**What you should do:**
Please restate, exactly, only the lines from the beginning of the listing below through the line containing "Результат разгона AMD Mobile", with the pictures left out.

**Exercise input:**
▬▬▬▬▬▬
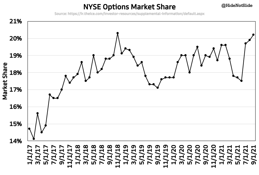 NYSE's options market share is nearing decade highs, past 20% for the first time since late 2018. Aggressive pricing has played a big part - NYSE's revenue capture has dropped from $0.13 per contract in 2017 to $0.05 today.pic.twitter.com/8DmQ1JgHGg
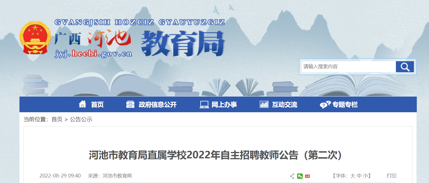 原文標(biāo)題:河池市教育局直屬學(xué)校2022年自主招聘教師公告(第二次)
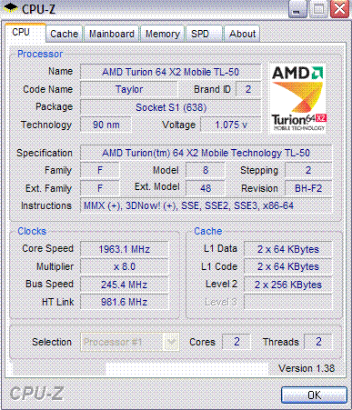 Результат разгона AMD Mobile
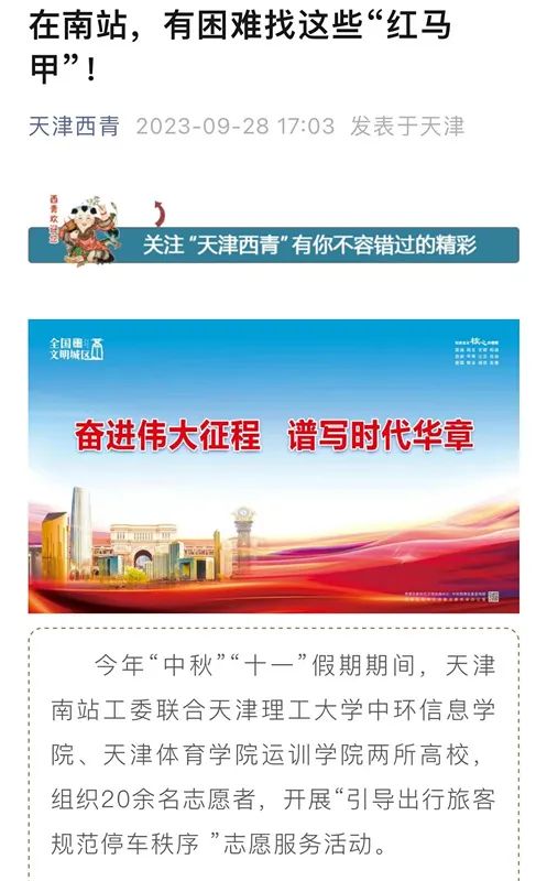近日,我校运动训练学院“思韵悠长、真理远航”理论宣讲团队志愿者在天津南站开展“引导出行旅客、规范停车秩序”等志愿服务活动,助力天津“十项行动”,保障假期旅客安全出行。北方网、西青区官方微信“天津西青”对我校志愿者活动进行了报道。
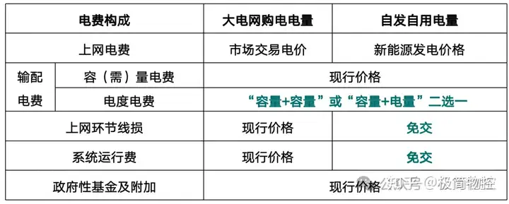 在具体的电费优惠方面,主要变化为“一变两免”。“一变”是:输配电费,模式1是现行的容量电费+折算的容量电费,即电量电费从“流量费”变为“包月费”;模式2是现行的容量电费+电量电费,其中自发自用电量也要缴纳电量电费。“两免”是:自发自用电量免缴系统运行费、上网环节线损费。
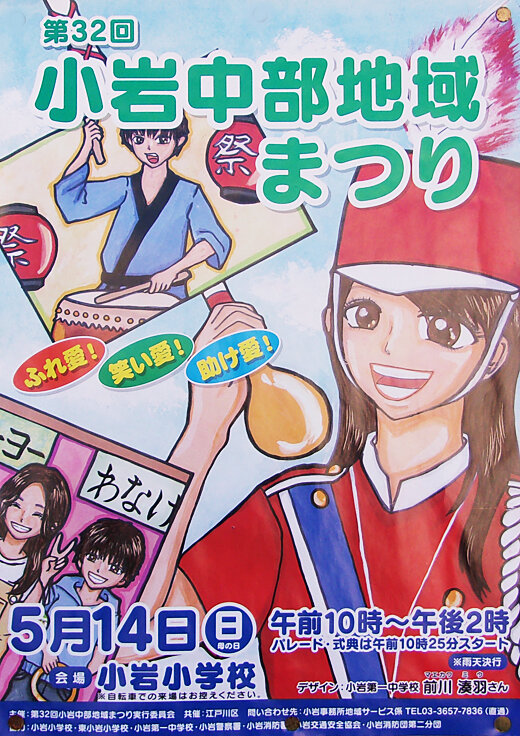 第32回 小岩中部地域まつり ふれ愛!笑い愛!助け愛! 日時:令和5年5月14日(日) 午前10時~午後2時(パレード・式典は午前10時25分スタート)※雨天決行 会場:小岩小学校 主催:第32回小
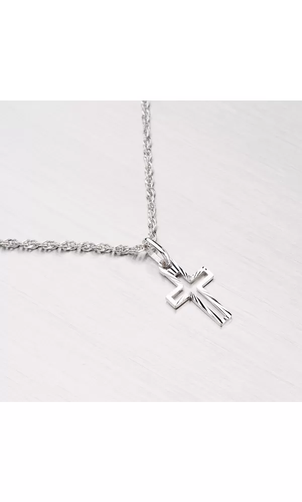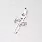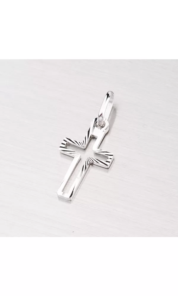 Tento nový prívesok v tvare krížika je vyrobený z bieleho štrnásťkarátového zlata 585/1000 v lesklej povrchovej úprave. Prívesok je obojstranný, z jednej strany je gravírovaný diamantovým nástrojom, ktorý dodáva gravírovaniu maximálny lesk az druhej strany je krížik hladký a lesklý.
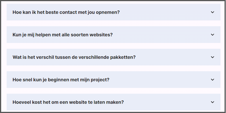 Met GenerateBlocks Pro krijg je de beschikking over een Accordion blok. Dit kan je gebruiken voor ‘uitklapbare content’. Ik gebruik dit zelf bijvoorbeeld voor mijn FAQ.
▬▬▬▬▬▬
**Exercise output:**
 NYSE's options market share is nearing decade highs, past 20% for the first time since late 2018. Aggressive pricing has played a big part - NYSE's revenue capture has dropped from $0.13 per contract in 2017 to $0.05 today.pic.twitter.com/8DmQ1JgHGg
 原文標(biāo)題:河池市教育局直屬學(xué)校2022年自主招聘教師公告(第二次)
 Результат разгона AMD Mobile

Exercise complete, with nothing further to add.